Changing Planet

John Russell Bartlett: An Admiral Turned Oceanographer

The thirty-three founders of the National Geographic Society were an adventurous and accomplished group. They included scientists, explorers, a journalist and a superintendent of the National Zoo. In recognition of the National Geographic Society’s upcoming 125th anniversary this series takes a look at their stories.

By Mark Collins Jenkins

John Russell Bartlett, a career naval officer, was born in New York on September 26, 1843, the son of John R. and Eliza A. Bartlett. He was educated in Cambridge, Massachusetts, and at the U.S. Naval Academy. At the outbreak of the Civil War, he was ordered into service, and throughout that conflict compiled an admirable record. He was present at the passage of Forts Jackson and St. Philip, the memorable battle of Vicksburg, and at the capture of New Orleans.  Bartlett served on Admiral Dahlgren’s staff off of Charleston in 1863-64, and participated in the naval attack on Ft. Fisher.

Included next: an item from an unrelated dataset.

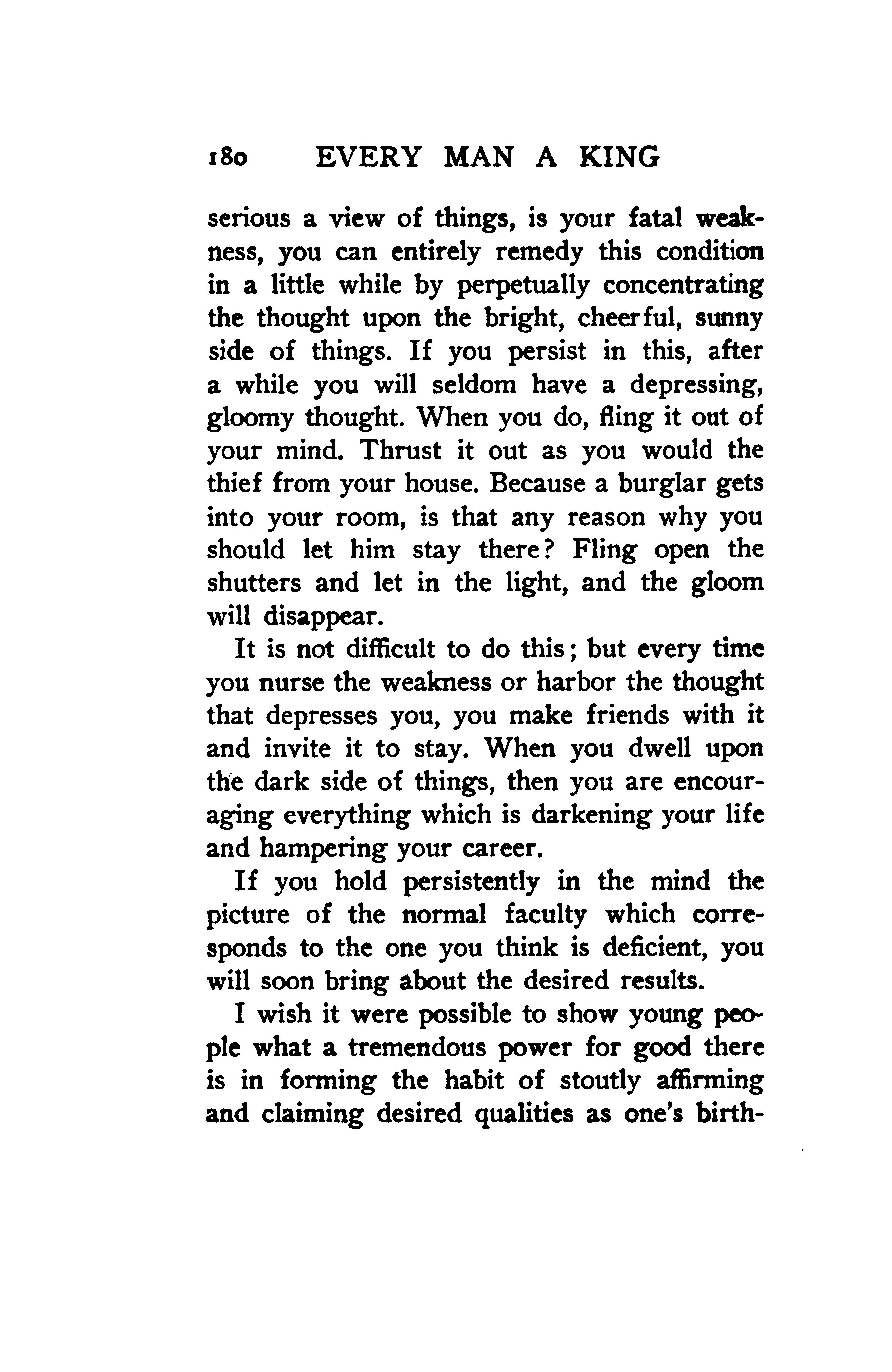 serious a view of things, is your fatal weakness, you can entirely remedy this condition in a little while by perpetually concentrating the thought upon the bright, cheerful, sunny side of things. If you persist in this, after a while you will seldom have a depressing, gloomy thought. When you do, fling it out of your mind. Thrust it out as you would the thief from your house. Because a burglar gets into your room, is that any reason why you should let him stay there? Fling open the shutters and let in the light, and the gloom will disappear.
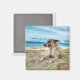 Imã Dia de Relaxamento do Cão na Praia, na Areia Oceân

After the war, Bartlett’s career turned toward oceanography, and his new-found scientific endeavors took him to more exotic locales as he created charts for the coast of West Africa, explored the Isthmus of Tehuantepec, and ventured into the Coatzacoalcos River to begin a survey for a possible interoceanic canal.

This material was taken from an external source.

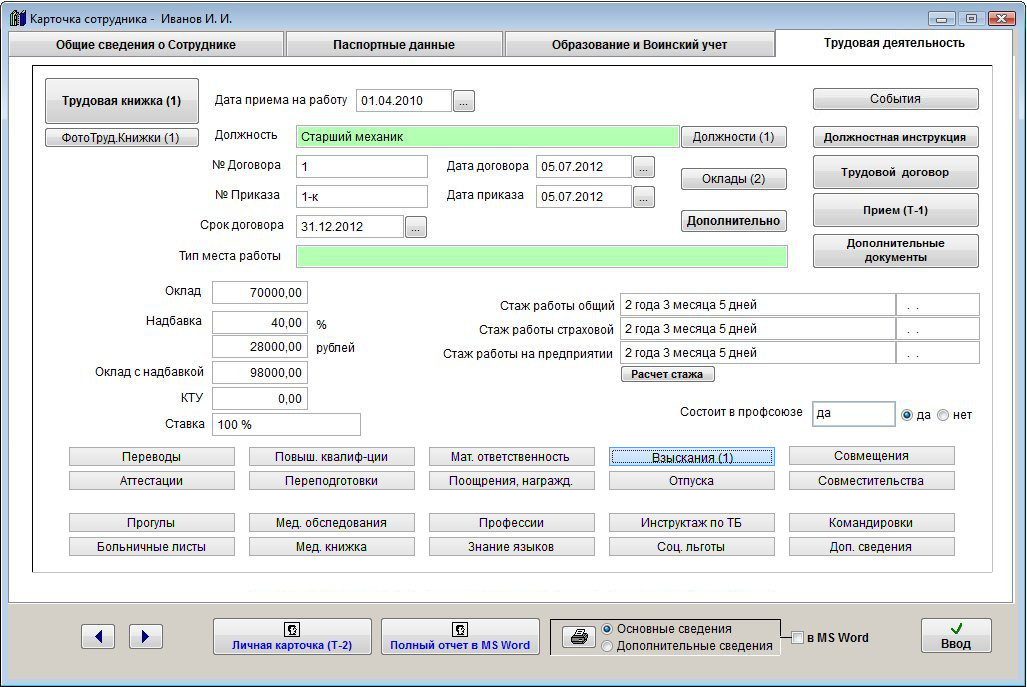 Для печати приказа о взыскании сотрудника откройте карточку сотрудника на редактирование (кнопка Изменить карточку в журнале сотрудников) и нажмите кнопку "Взыскания" в закладке "Трудовая деятельность".
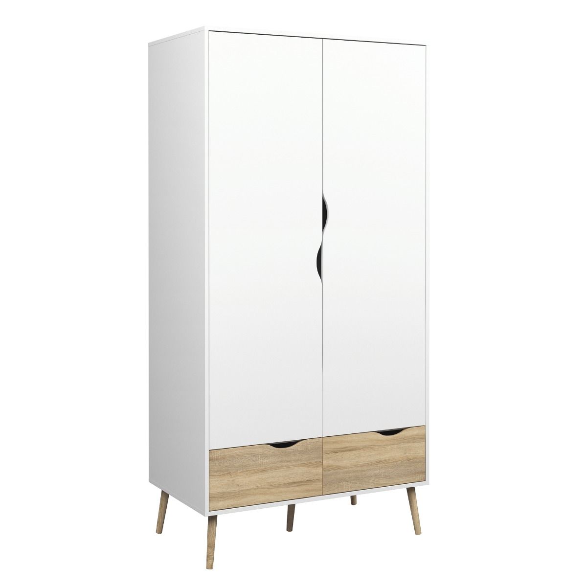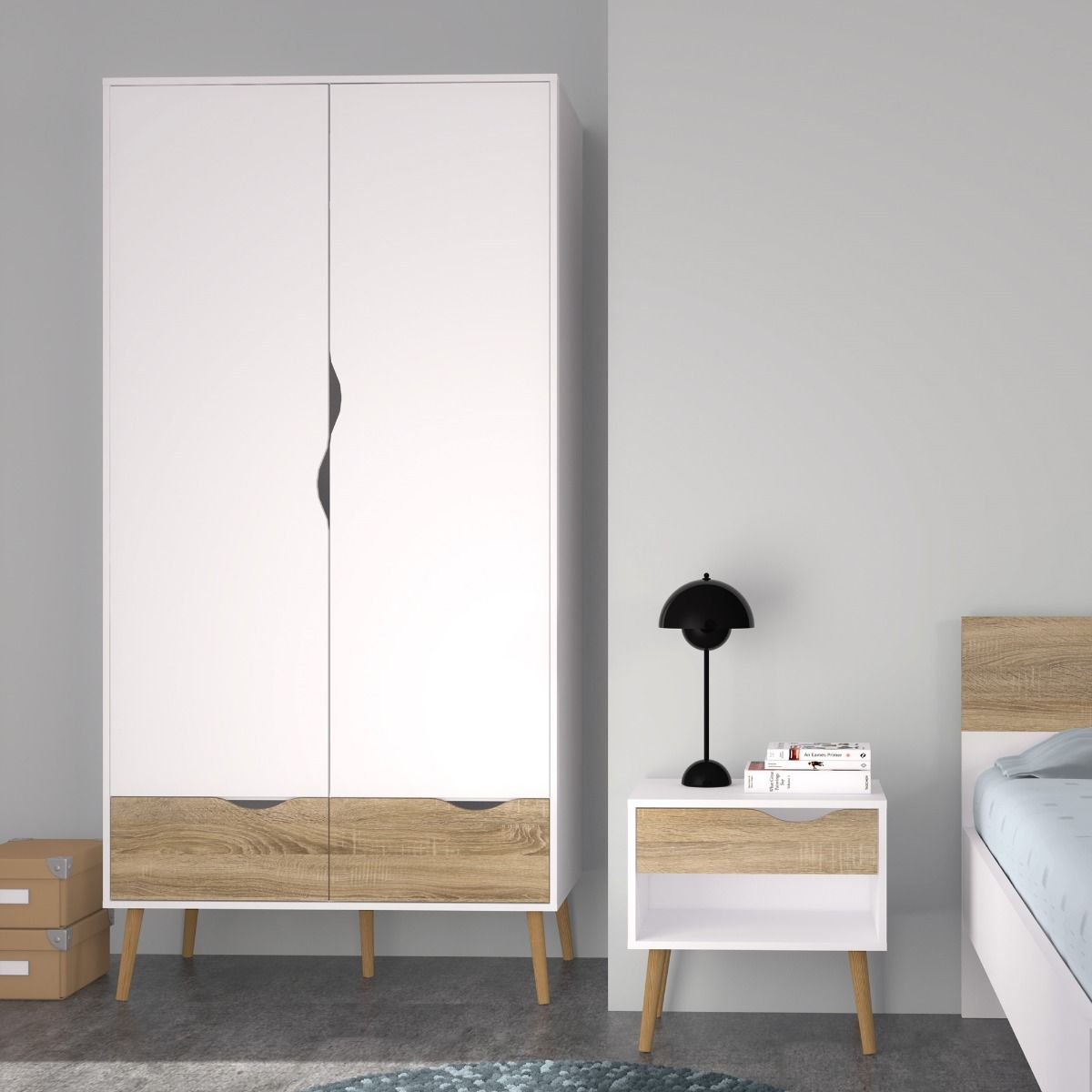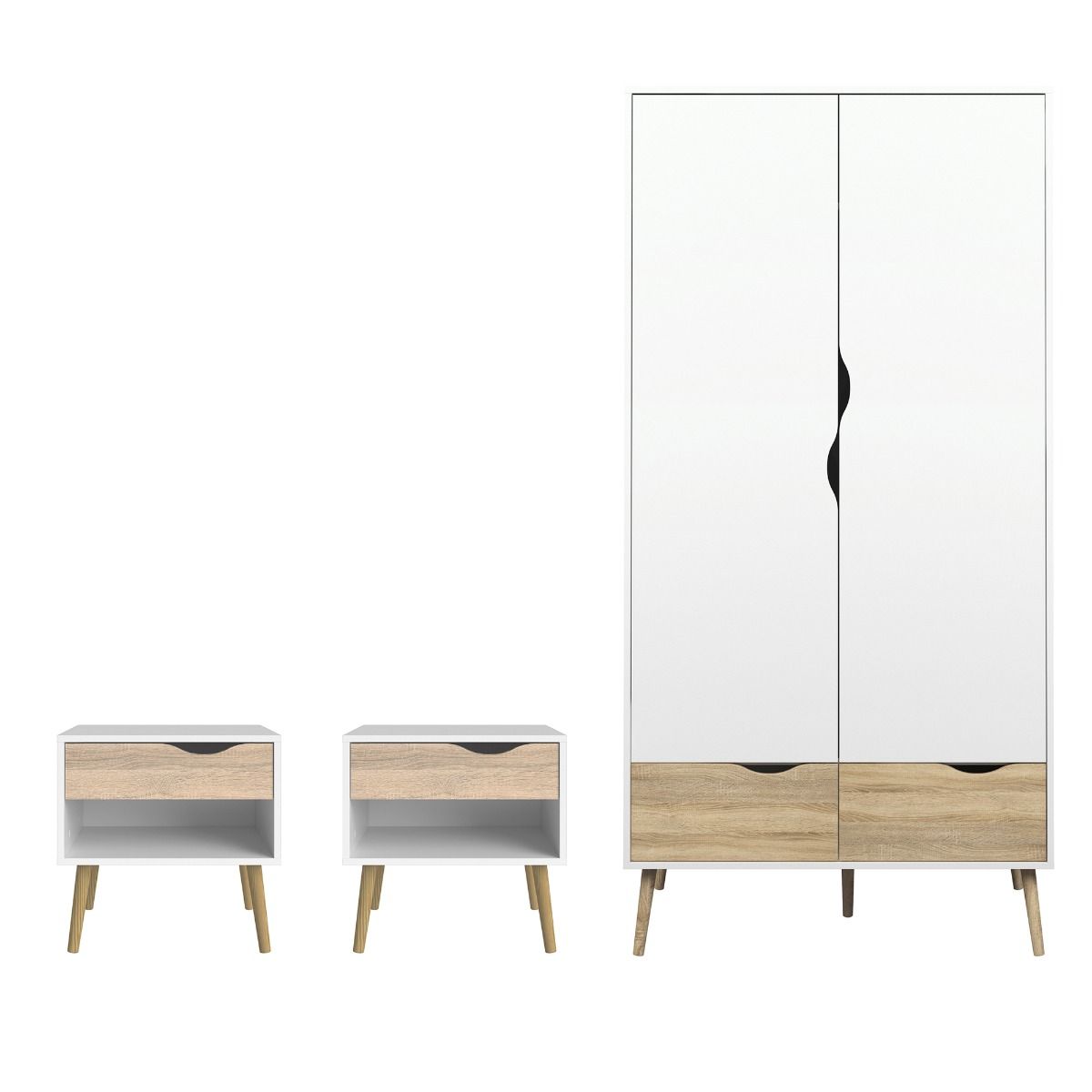 OSSETT 2 Door Wardrobe Set 3 Piece - White and Oak

Between 1877 and 1882, he commanded the U.S. Coast and Geodetic Survey steamer Blake, carrying out investigations of the Gulf Stream. More new scientific instruments were tested and proved on the Blake than aboard any other research vessel in the first great age of oceanography.  Accurate high-density soundings taken by the Blake’s men lead to the first modern bathymetric map, and the chasm in the seafloor between Cuba and Jamaica was eventually named Bartlett Deep after the man who had sounded its deepest depths.

U.S. Coast and Geodetic Survey steamer Blake.

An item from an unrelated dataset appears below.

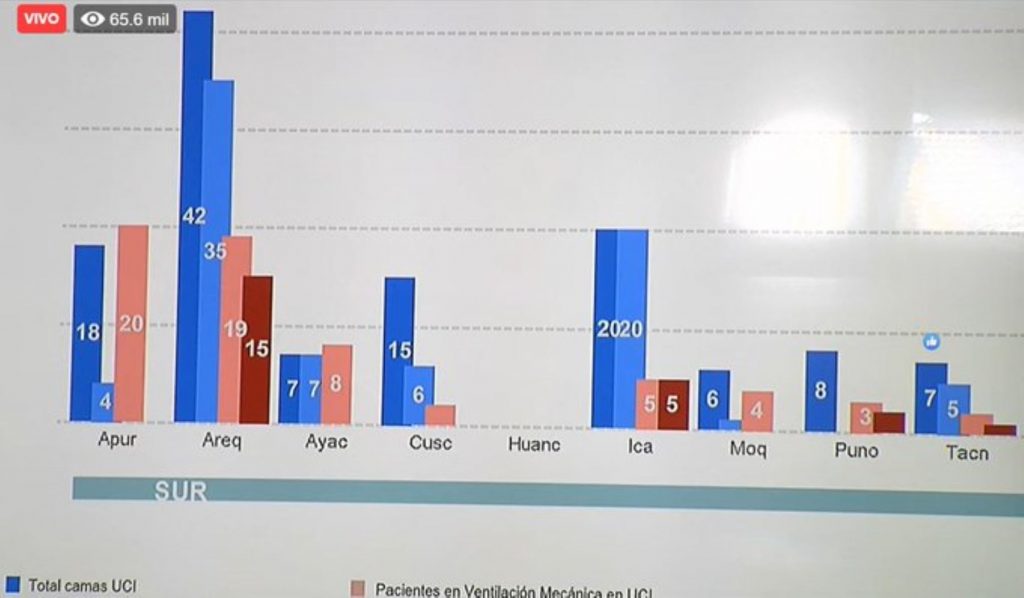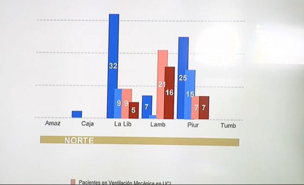 Indicó que para una mejor organización de los datos de las camas UCI, el Minsa dividió en 4 el territorio nacional: norte (Amazonas, Cajamarca, La Libertad, Piura, Tumbes), oriente (Huánuco, Loreto, Madre de Dios, San Martín y Ucayali), centro (Ancash, Junín, Pasco y Lima regiones) y sur (Apurímac, Arequipa, Ayacucho, Cusco, Huánuco, Ica, Moquegua, Puno y Tacna).

Bartlett’s work in documenting the Gulf Stream helped him to appreciate the crucial role it played in the circulation of the ocean’s waters, and he described the powerful current in holistic language that might be appreciated by today’s environmentalists:

I would like this great equatorial current to the heart in the human body, supplying the Gulf Stream with fluid as through arteries, the water finding its way back naturally by the polar and colder currents or veins to its original source.  This action goes on in the Pacific as well as our own Atlantic . . . the life or moving power is as Hershel says, is the trade winds, and this force is derived from the sun.

Between 1882 and 1888, he was in charge of the Hydrographic Office. He retired as a rear admiral in 1897, and was awarded a Sc.D. from Brown University in 1898. That same year, the Spanish-American War broke out, and Bartlett found himself in charge of the naval intelligence office. He was also superintendent of the U.S. Coast Signal Service and chief of the U.S. Auxiliary Naval Force.

Having married Jeanie R. Jenckes on February 6, 1872, he made his home in Lonsdale, Rhode Island, before dying in 1904.